InMarch, I tested positive for Covid-19, well before there was a curve that needed flattening. The grueling road to recovery has tested every fiber of my being, and it’s far from over. This is life as a long-hauler.
It’s a weird thing having Covid-19. It’s full of contradictions. You’re part of this morbid zeitgeist but, at the same time, stigmatized. There are peaks and valleys of varying degrees: The lingering primal fear of thinking you might not wake up the next morning followed by the unfettered relief and joy when you start to turn a corner. You assume you’re getting better, but really your body is in the eye of a viral storm. Tons of people send you love, but you can’t touch your loved ones.

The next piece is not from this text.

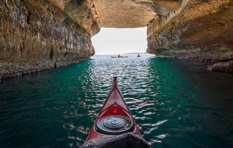 Si vienes con tu propio kayak, éste debe cumplir con los requisitos obligatorios de equipamiento: todos los compartimentos tienen que ser estancos, equipado con línea de vida en perfecto estado, mecanismos extras (orza o timón) tienen que funcionar correctamente. Si tu kayak está equipado con alguno de estos dos mecanismos (o los dos), tienes que traer tu kit de reparaciones con las herramientas adecuadas.
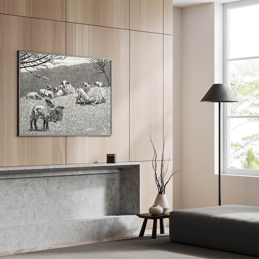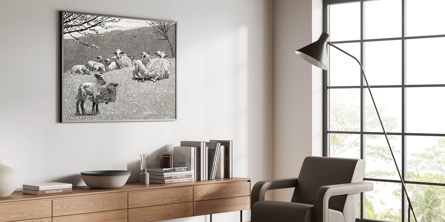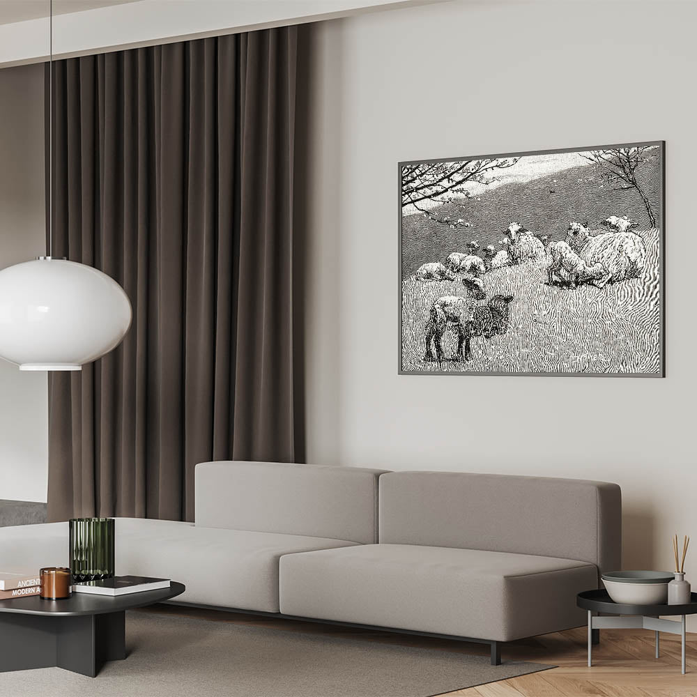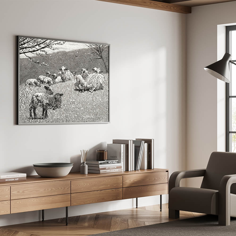 Celebrate the beauty of springtime and rural life with "Spring Lamb" by Winslow Homer. This monochromatic realism art print depicts a peaceful hillside with a flock of sheep and playful lambs basking in the warmth of a spring day. The detailed illustration, rendered in soft grayscale, brings a nostalgic touch to any space, capturing the innocence and simplicity of life in the countryside.

For some, Covid-19 is a blessedly short experience. For others, those of us the world has dubbed “long-haulers,” the journey doesn’t end when you finally test negative.

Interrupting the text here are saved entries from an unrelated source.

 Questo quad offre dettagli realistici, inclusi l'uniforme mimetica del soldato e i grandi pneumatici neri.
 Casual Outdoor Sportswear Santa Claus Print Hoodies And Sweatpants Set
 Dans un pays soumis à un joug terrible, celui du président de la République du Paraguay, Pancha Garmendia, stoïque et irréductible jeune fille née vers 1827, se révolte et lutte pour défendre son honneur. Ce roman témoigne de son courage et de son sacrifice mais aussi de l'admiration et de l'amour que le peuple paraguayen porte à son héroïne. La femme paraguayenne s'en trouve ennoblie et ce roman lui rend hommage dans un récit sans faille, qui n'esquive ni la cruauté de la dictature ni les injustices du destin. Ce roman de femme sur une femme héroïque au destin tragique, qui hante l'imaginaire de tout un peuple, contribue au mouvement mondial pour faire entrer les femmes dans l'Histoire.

My story started with a road trip.
On March 15, I drove from New York to Washington, D.C. with my husband, Mike, and our demonic cat, Salem. Initial plans for a vacation had been scrapped as the world started to shut down, so my mom’s house sounded like a good place to be. I wasn’t alone in this instinct. Hordes of fellow millennial runaways were fleeing to their childhood homes as Earth began its proverbial descent down the rabbit hole. What makes me somewhat more unique is that on March 20, I would be counted among the first wave of people diagnosed with the coronavirus in the United States. Almost four months later, the repercussions of the virus continue to plague me.
For some, Covid-19 is a blessedly short experience. For others, those of us the world has dubbed “long-haulers,” our journey doesn’t end when you finally test negative.
Driving south from New York, I distinctly remember thinking how little I’d eaten the last few days. My appetite had simply vanished. I chalked this up to stress — I’m a teacher of young, rambunctious humans, and it had been an improvised dash to the spring break finish line as schools shuttered and Zoomland began. Loss of appetite is now recognized as a hallmark, early symptom of Covid-19, but four months ago — which by 2020 standards, is roughly two years — the flow of information was less an orderly stream of facts and more of a dam bursting with uncertainty, confusion, and fear.
That was Sunday. By Monday, I clocked 14 hours of sleep. On Tuesday, I woke up with a high fever, and from there, it was downhill. The next 10 days were a blur, and despite three trips to the emergency room, I was never kept overnight because, “You’re 31 and otherwise healthy, so you won’t die from this.” Aahhh, what we know now, my friends.